Exciting news!  Every year the Australian National Bottle Show is rotated around the various states.  This year is Victoria's turn and for the first time ever it will be held in the Latrobe Valley in Gippsland, which is the eastern part of Victoria.

The Gippsland Antique Bottles & Collectables Club, will host the 51st Annual Australian National Antique Bottles & Collectables Show & Fair.  It has selected the Gippsland Regional Indoor Sports Stadium, Catterick Crescent, Traralgon (Victoria) as the venue.  Traralgon is 160km east of Melbourne via the Princes Freeway or by rail.  The National will be held on the weekend of Saturday 26 & Sunday 27 November 2022.  Set-up will be on the afternoon of Friday 25 November.  A very recent $19 million expansion makes this indoor sports complex an impressive, modern venue.  The lighting is exceptional and there is ample parking.  There is an on-site staffed cafeteria to cater for traders, exhibitors and the public.  Traralgon is the major centre in the Latrobe Valley, a part of Gippsland, as eastern Victoria is known.  The region is famous for its proximity to National Parks of great beauty, the Ninety Mile Beach, the Gippsland Lakes, early gold mining sites including the historic mountain mining village of Walhalla, situated in a valley of the scenic Great Dividing Range of mountains, only a 45 minutes drive from Traralgon, through picturesque rolling dairy and beef cattle farm land and kilometres of natural mountain forests where you might well spy a kangaroo, a wallaby, a wombat, an echidna or a lyrebird, or some of the innumerable brilliantly plumaged parrots and other native birds.

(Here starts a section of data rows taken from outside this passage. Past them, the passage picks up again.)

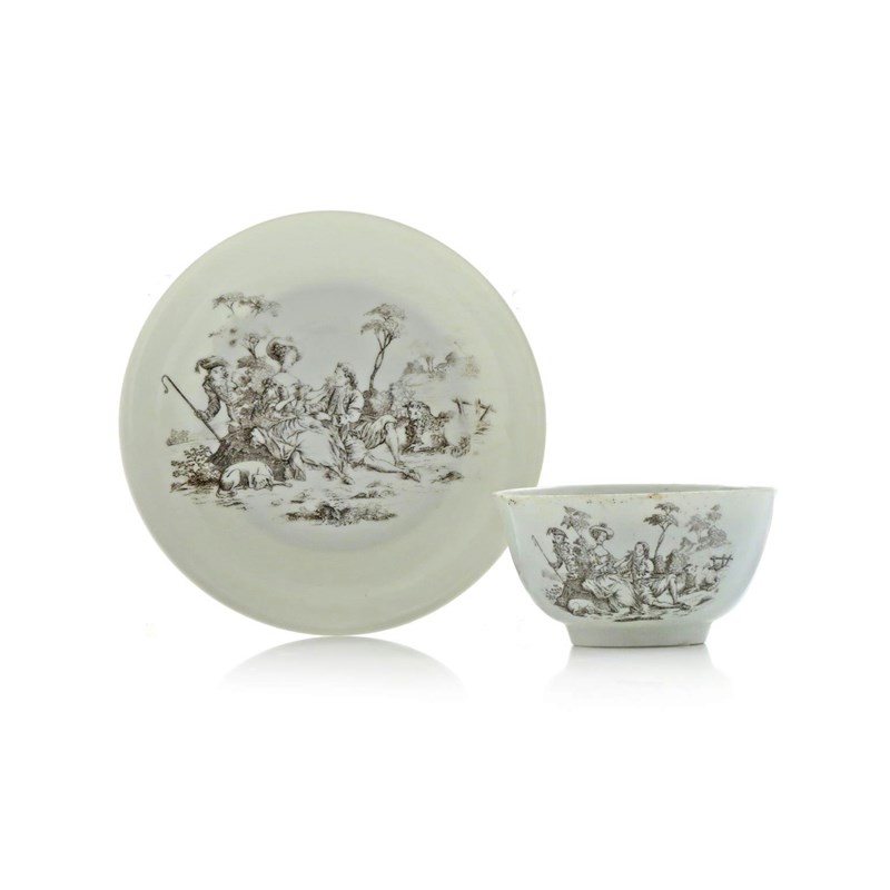 This print is after Jacques Philippe Le Bas's engraving of Francois Boucher's 'Pensent-ils au Raisin?'The print on the Worcester teabowl is unsigned and, since the same print is known on enamel boxes and plaques, it is possible that both the Worcester and the Chinese porcelain were decorated in Birmingham.
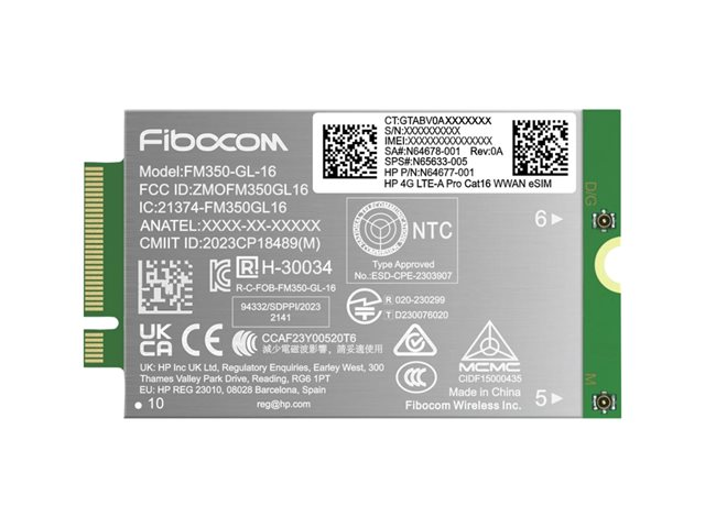 Produktbeskrivning HP - trådlöst mobilmodem - 4G LTE Advanced Pro Typ av enhet Trådlöst mobilmodem Formfaktor Intern Cellulärt protokoll FDD LTE, TDD LTE, UMTS, HSPA+, LTE Advanced Pro Cat 16 Systemkrav Windows 10, Windows 11 Dimensioner (BxDxH) 5.2 cm x 3 cm x 0.23 cm Vikt 9 g -
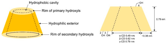| Cyclodextrin | Glucose Unit | Molecular Weight | Cavity Height (Å) | Cavity Diameter (Å) | Cavity Volume (Å3) | Specific Optical Rotation ([α]25D) | Water Solubility (g/100 mL) |
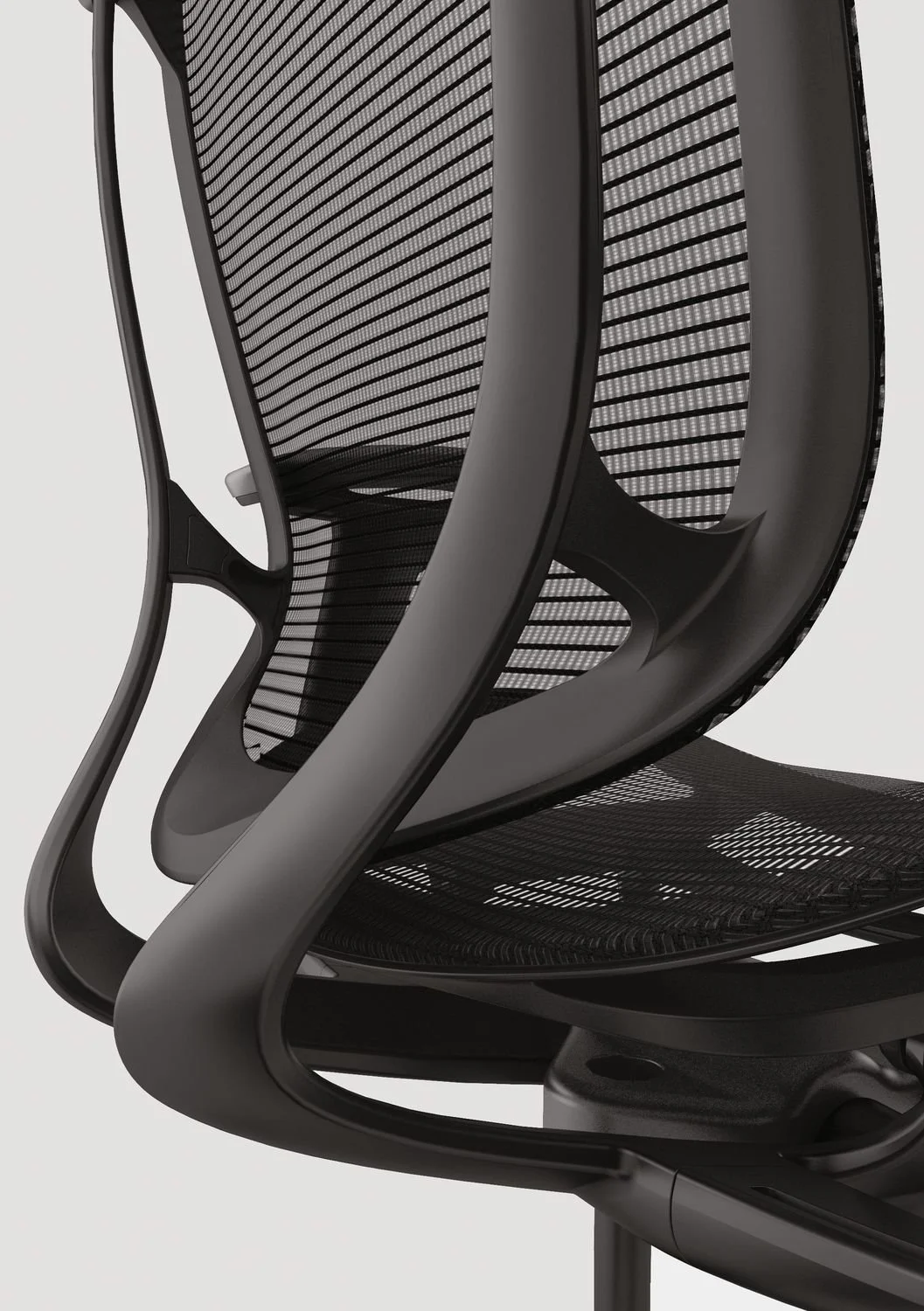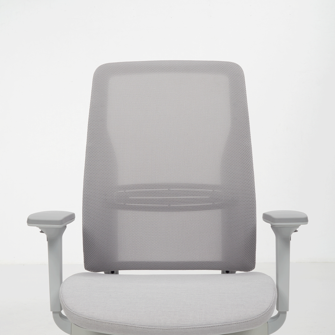 • Cushioned mesh textile – a mesh back is also applied to the uniform frame structure for an alternate style within the same design expression. Featuring a dual-textured weave, the mesh is breathable and provides user back support either with or without a lumbar element option
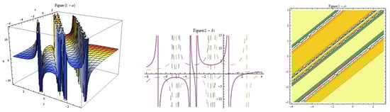 Three-dim, two-dim, and contour plots for Equation (25) representing the mixed solution with , , , , , , , , , , , , , .
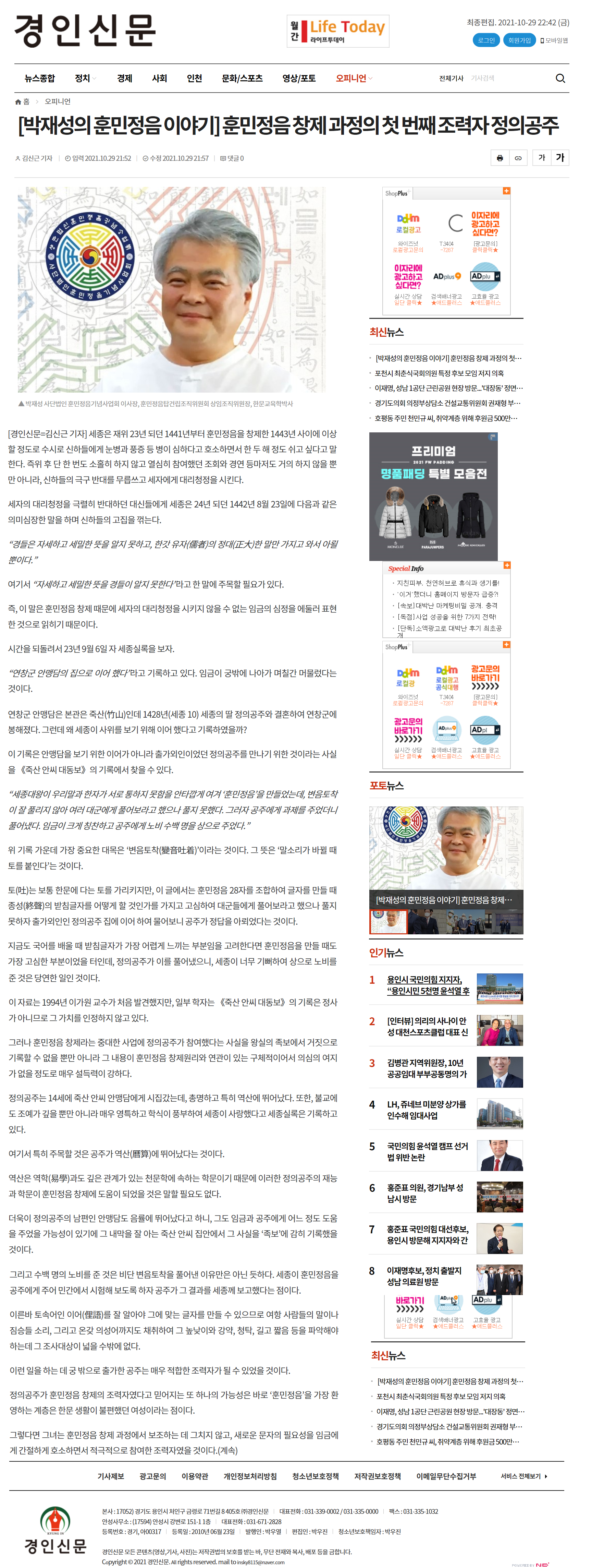 [경인신문] 훈민정음 창제과정의 첫번째 조력자 정의공주
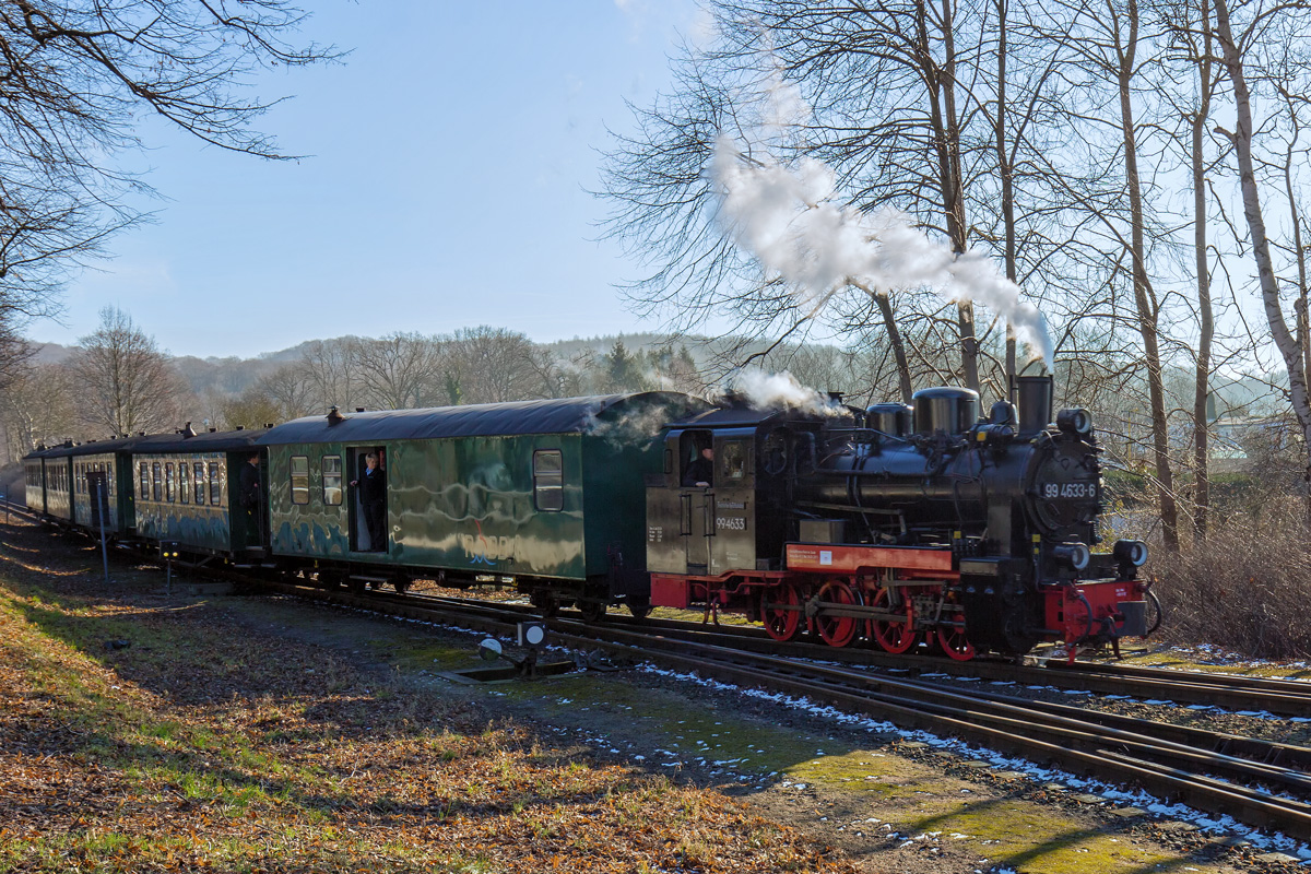 Scheinbar steht die RBB Lok 99 4633 unter dem Binzer Wasserkran und nimmt an der falschen stelle Wasser. - 15.02.2017
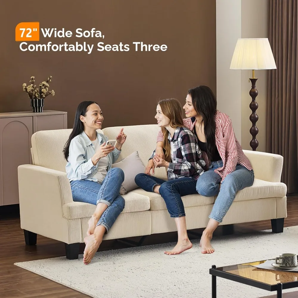 Beige 83 Sofa Couches for Living Room, Corduroy Modern Comfy 3 Seater Couch 25.6 Deep Seat Upholstery Cozy Sofas for Small
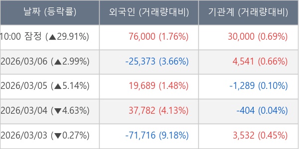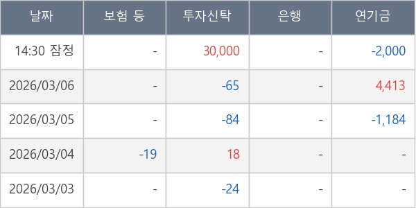 [표] 주요 기관별 순매매량 (단위 주)
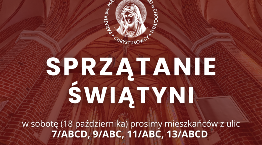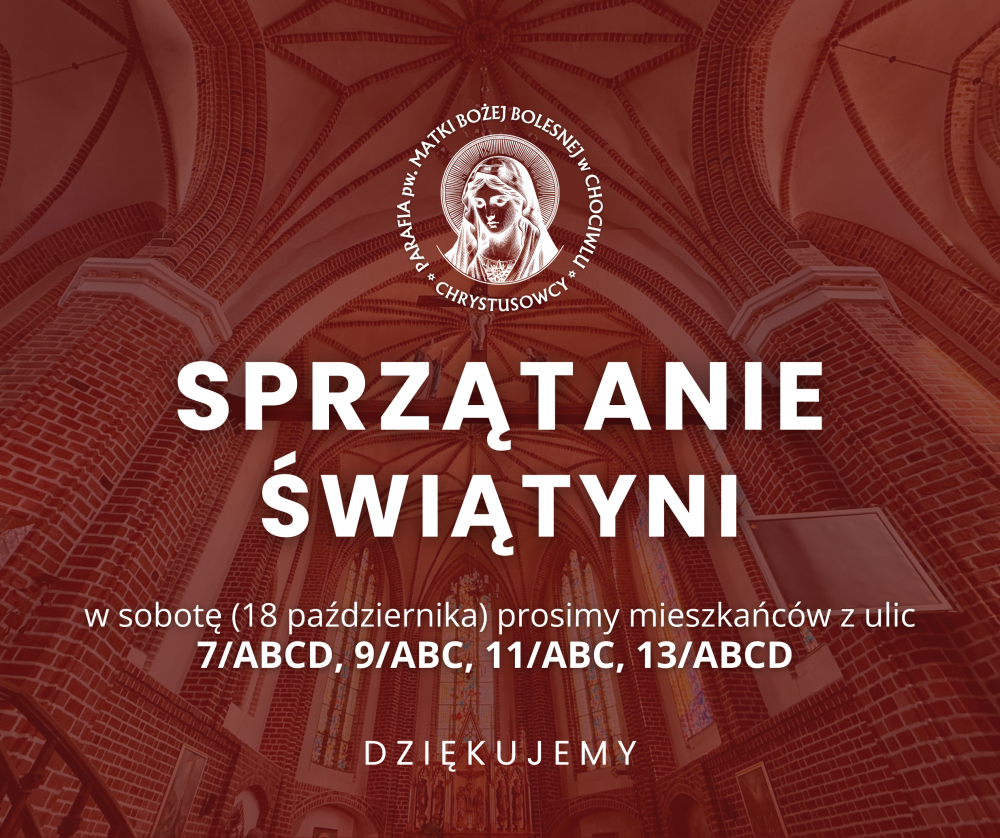 Dziękujemy za ostatnie sprzątanie świątyni. W przyszłym tygodniu zapraszamy serdecznie mieszkańców ulicy Dąbrowskiego 7/ABCD, 9/ABC, 11/ABC, 13/ABCD Rozpoczynamy o godz. 9.30.
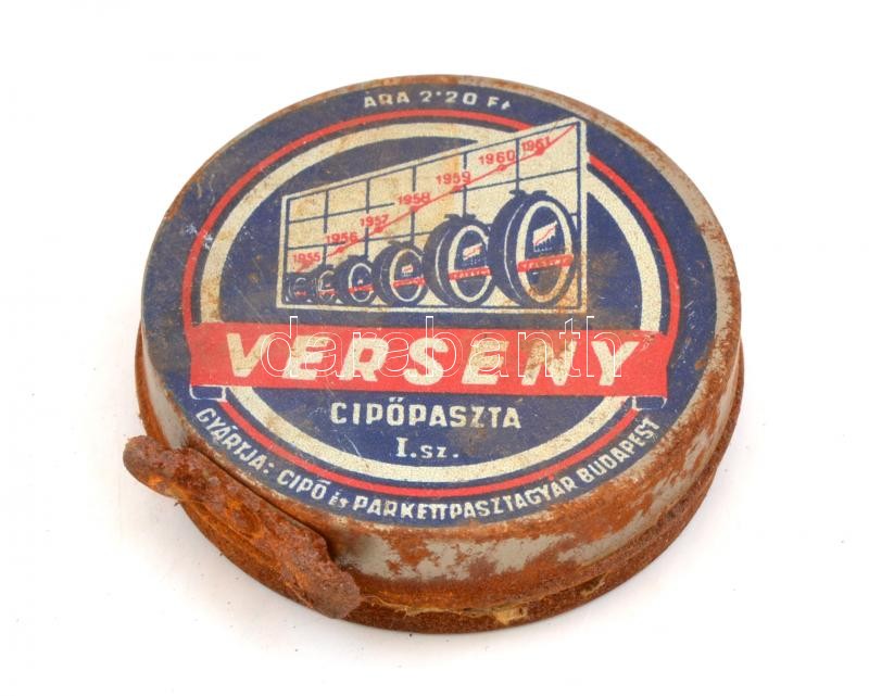 Verseny cipőpaszta doboz, rozsdás, d: 6 cm https://www.darabanth.com/hu/366-Gyorsarveres/366.0/Mutargy-papirregiseg-egyeb/Bolhapiac~500011/Verseny-cipopaszta-doboz-rozsdas-d-6-cm~II2117836
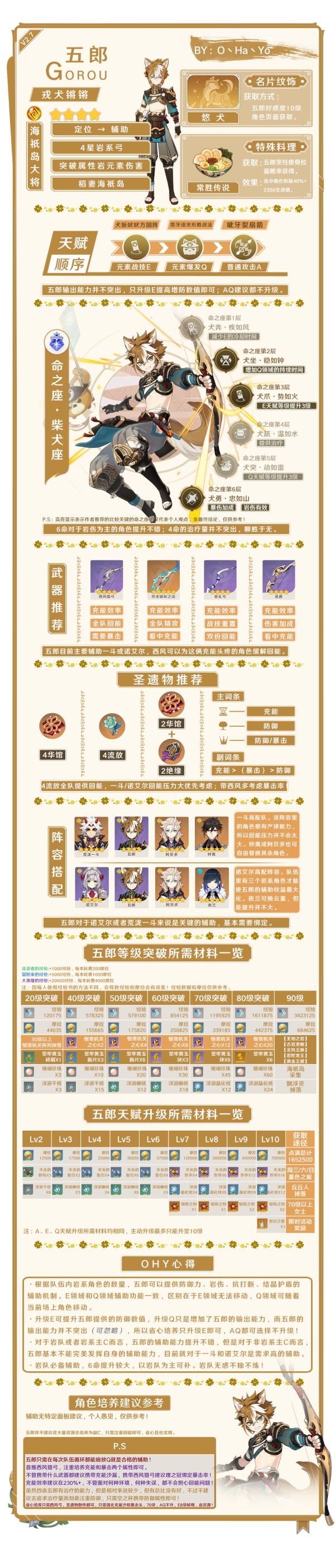 不要想着用五郎输出,费时费力又不讨好,使劲发挥五郎的辅助功能就是最棒的。诺艾尔/一斗回能有压力?没问题,交给五郎吧,西风弓产球给你,4流放开Q给你回能。需要防御来增攻,需要岩伤?没问题,交给五郎吧。你看多好的一个辅助。
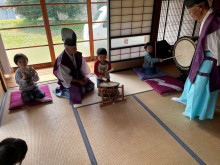 午後は、西日登神楽社中による神楽を見学した後、神楽の衣装を着てみたり、鐘や太鼓をたたいてみたり、本物に触れる機会となった。神楽の演目としても知られる出雲神話「ヤマタノオロチ」の紙芝居を楽しんだ後、西日登神楽社中の吉川創太さんから神楽の話を聞いた。吉川さんは、天災の多い日本では昔の人は神に祈ることしかできなかったこと、音楽や踊りが神様を喜ばせ願いを聞いてもらえると考えて神楽をするようになったこと、日本中には1万を超える神楽があり、47都道府県の全てに神楽があることなどを話し、「神楽は何のためにするのか、自分の住んでいる近くにある神楽にも興味を持ってほしい」と呼びかけた。
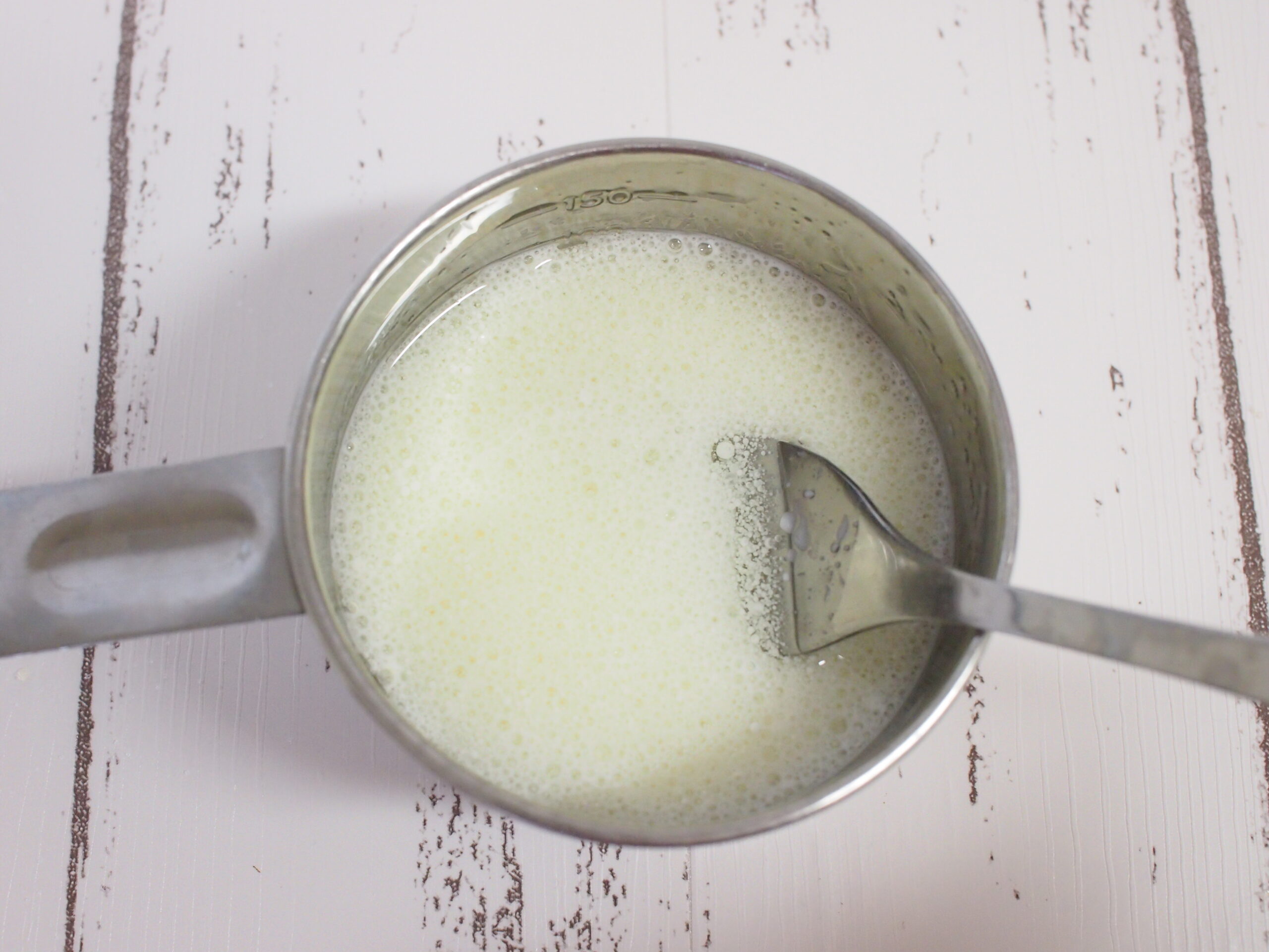 ①牛乳とサラダ油をフォークでよく混ぜる。

There will be an important bottle auction on Friday evening 26 November at the venue, to be conducted by a major bottle auctioneer.  There will also be a dinner on Saturday evening 26 November, for all who wish to have a social evening with like-minded people.  The dinner will be held at the recently expanded Traralgon Bowls Club, Liddiard Road, Traralgon.  It features a world class indoor bowling green, one of only five such greens in Australia and any bowlers attending are invited to have a bowl on it.  Poker machines and alcohol are also available for attendees.

Ross Roycroft, well-known and long time Victorian antique bottle dealer and auctioneer will provide free antique appraisals for the public as he has done every year for our Club's Antiques & Collectables Fair.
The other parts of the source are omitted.